Mar. 12, 1964 - Attorney General Robert F. Kennedy today refuted reports of a feud between him and President Johnson.
“I have read these reports about a feud,” he said. “There is no substance to these reports.”
It was his first public comment on the matter. He made it in a meeting with 30 students from the George School in Bucks County, Pa., who were visiting the Justice Department.
“I have the highest regard for him,” Mr. Kennedy said in answer to a student’s question on his feeling toward the President. “Our relations are friendly; they always have been. He has always been kind to me, to my family and to Mrs. Kennedy, both as Vice President and since then.”
When a student asked him who would be the Democratic Vice-Presidential candidate next fall, Mr. Kennedy said jokingly, “Teddy.” Senator Edward M. Kennedy of Massachusetts is his brother.
The personal relationship between Mr. Kennedy and President Johnson is the subject of curiosity and gossip in Washington. Informed observers believe the word “feud” is an inflated description of what is, at most, a strained relationship. It appears that the two, never personally close, are being pushed farther apart by circumstances and by suspicions fed by rumors.
One circumstance is the difference in their background and style. Mr. Kennedy is a man of soft understatement, reminiscent of his brother, the late President, though not with the same ironic wit. President Johnson has a broad, gusty quality. They are not men who would naturally be intimates. There was, however, no noticeable animosity between them before last Nov. 22. They were not personal friends but had worked together on Government matters amicably enough.
The assassination of President Kennedy, in a way, stands between them. Mr. Johnson wants to prove he can lead the country and his party on his own. Mr. Kennedy cannot forget that it was a brother he loved who was elected President in 1960.

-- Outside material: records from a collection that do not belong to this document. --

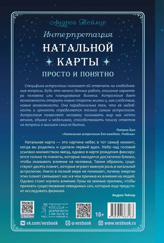 Интерпретация натальной карты просто и понятноВ данный момент этот товар отсутствует в продаже. Возможно, у нас найдется аналогичный или похожий товар здесь. Натальная карта — это картина звездного неба в тот момент, когда вы родились. Астрологи считают, что именно это положение небесных тел предопределяет то, каким потенциалом вы обладаете, какой жизненный путь вам предстоит пройти. Искусство трактовки натальной карты — ключ к постижению личности, ее сильных и слабых черт. Поэтому книга Андреа Тейлор «Интерпретация натальной карты просто и понятно» может стать для вас настоящим открытием и помощником в понимании себя и окружающих. |
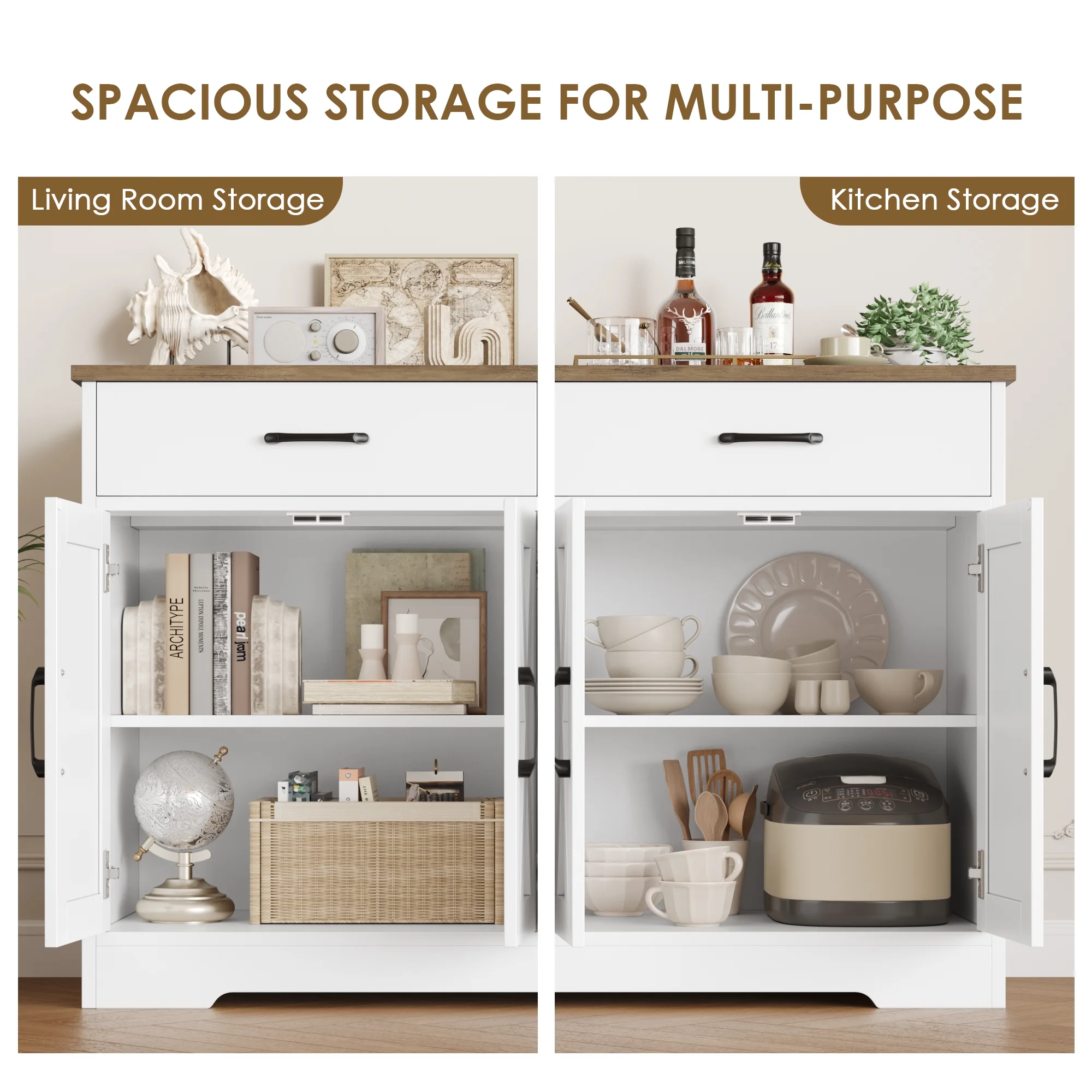 Multifunctional Cabinet: Whether you're seeking for a farmhouse sideboard to keep tableware organized, an extra storage cabinet to tuck away all your odds and ends, a coffee bar to serve your leisure time, or a TV stand to hold the CD player, it's an essential furniture piece that any kitchen, dinning room, entryway or living room would love.
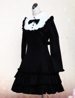 Lolitashow Cotton Black Long Sleeves Ruffle Classic Lolita Dress
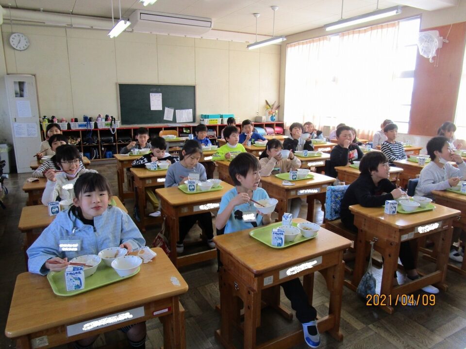 年生ねんせい、5年生ねんせい、6年生ねんせい昨年さくねんまでのような感染症対策かんせんしょうたいさくをしながら、給食きゅうしょくをいただきました。

Finally, there is the circumstance that each has admirers who dislike and suspect the other. These admirers apparently have spread various suspicions, and the result is a poisoning of the atmosphere.
For example, Charles Bartlett, a columnist who was a friend of President Kennedy, has implied that President Kennedy had not really wanted Mr. Johnson as his running mate in 1960. On the other hand, William S. White, a columnist close to President Johnson, has written that there was an “odor of police-state methods” at the Justice Department led by the Attorney General.
An example of how suspicion could blow up small incidents was the outcry over Paul Corbin, an admirer of Robert Kennedy, who worked on the Democratic National Committee. He apparently made some telephone calls to New Hampshire urging a Kennedy write-in.
President Johnson is said to have been told that Mr. Corbin engineered the write-in at Mr. Kennedy’s behest, then was allowed to resign. It is now realized that Mr. Corbin was too lacking in political influence to be entrusted by Mr. Kennedy with engineering anything.
Nevertheless, President Johnson is described as being somewhere between “irked” and “furious” at the campaign which got Mr. Kennedy more than 24,000 votes in the New Hampshire primary. Mr. Johnson himself got only 28,000.
Complicating all this is the Attorney General’s uncertainty about his future. He has committed himself to staying in the Government only through the election next November. Mr. Kennedy decided on his own to issue the statement, without consulting the White House.